Memory variable correspondence
Nested memory variables in a single expression can get confusing, and often don’t behave as you’d expect. There is potential for simplification issue#129. The next branch of Meander (zeta) has flexibility in how variables behave, which may solve this.
Performance
On par with hand rolled functions. Meander is a high quality library: fast and reliable.
Decomposition
The current options for creating sub-patterns are m/with
and m/app
,
Which are equivalent to functional decomposition.
Other approaches to data transformation
Here is a short list of other data transformation approaches in Clojure so that we can examine where they differ from Meander:
Clojure.core |
Clojure is concise and powerful.
Many functions defined on few primary data structures.
We operate on data but do not specify what the data is.

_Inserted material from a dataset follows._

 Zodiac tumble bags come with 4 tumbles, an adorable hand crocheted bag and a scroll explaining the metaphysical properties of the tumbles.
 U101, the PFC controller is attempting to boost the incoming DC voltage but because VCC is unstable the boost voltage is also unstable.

So it is common to be looking at a function that operates on |
Destructuring |
Does one job well. No logic expressions or substitution. |
Core.match, Core.logic |
Independently work great. There is no convenient syntax for substitution. |
Clojure.spec |
Defines the shape of |
Specter |
Takes a navigator/action approach. Improves data manipulation. Very compact, linguistic. |
Each of these approaches have benefits and drawbacks. The purpose of this article was to show where Meander sits relative to these methods, and hopefully inspire you to explore this approach.
Conclusion
The mathematical style term rewriting approach to data transformation has several merits:
-
When reading expressions, inputs and outputs are instantly recognizable
-
When writing expressions, examples can be converted to patterns
-
The declarative style is symmetrically pleasing
-
Visual expression is more effective than verbal expression
Meander provides term rewriting as a convenient library for Clojure. I hope you will give it a try and find it as useful as I have.